Print Friendly, PDF & Email

It appears Yahoo is opening up some of it’s computer infrastructure for supercomputing reasearch.

Sunnyvale-based Yahoo (Nasdaq:YHOO) said the program is intended to leverage its leadership in Hadoop, an open source distributed computing sub-project of the Apache Software Foundation, to enable researchers to modify and evaluate the systems software running on a 4,000 processor supercomputer provided by Yahoo.

“Unlike other companies and traditional supercomputing centers, which focus on providing users with computers for running applications and for coursework, Yahoo’s program focuses on pushing the boundaries of large-scale systems software research,” the company said.

Hadoop appears to be some sort of software based RAID, there isn’t a lot of information on the website and it appears to be a small project.

Hadoop is a software platform that lets one easily write and run applications that process vast amounts of data.

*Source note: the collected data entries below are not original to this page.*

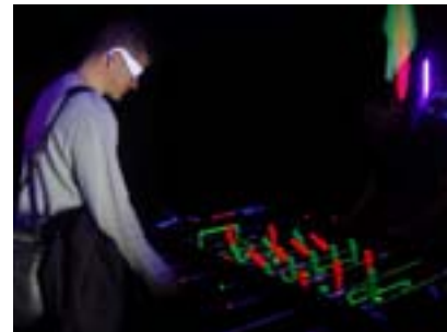
Kickern in der Blackbox

Zwei Tische zum Fühlen, an denen der Unterschied als Sehende und Sehbehinderte verdeutlicht wurden sowie Säckchen mit verschiedenen bekannten und unbekanntem Objekten vervollständigten den Parcours der Sinne.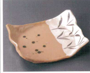
ス145-13-2 化粧織部 丸角菓子鉢 (20×18×6cm) ¥2,350 2026136043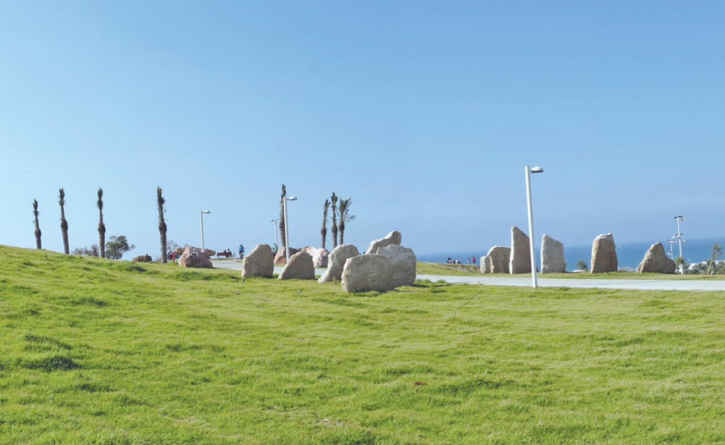
הטיילת וגבעת הסלעים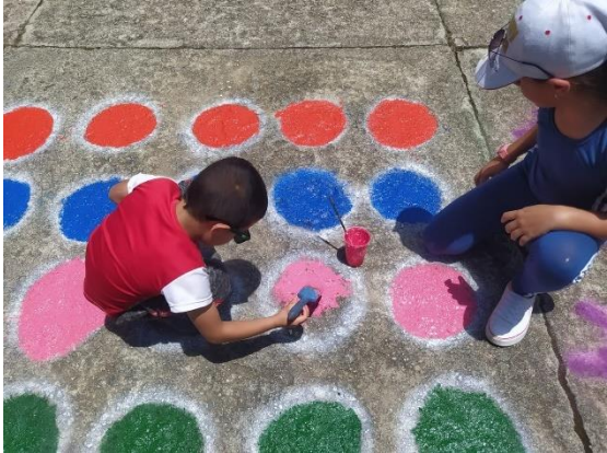
Figura 16 Minga en La Cascada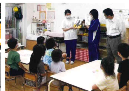
図書委員が園児に読み聞かせをしています。

Here’s what makes Hadoop especially useful:

  • Scalable: Hadoop can reliably store and process petabytes.
  • Economical: It distributes the data and processing across clusters of commonly available computers. These clusters can number into the thousands of nodes.
  • Efficient: By distributing the data, Hadoop can process it in parallel on the nodes where the data is located. This makes it extremely rapid.
  • Reliable: Hadoop automatically maintains multiple copies of data and automatically redeploys computing tasks based on failures.

Comments

  1. Hadoop is a lot more than a RAID. It is also being used by Google and IBM to teach courses on distributed computing. Hadoop is the open source version of Google’s MapReduce method for large scale distributed computing, which amongst other things powers Google Maps. It’s a beautiful concept, ultra scalable and does not require you to be a distributed programming guru, although there is a third component (the framework) which tends to be proprietary to the companies deploying MapReduce/Hadoop etc.

    Don’t have access to lots of processors. Just get an EC2 account 🙂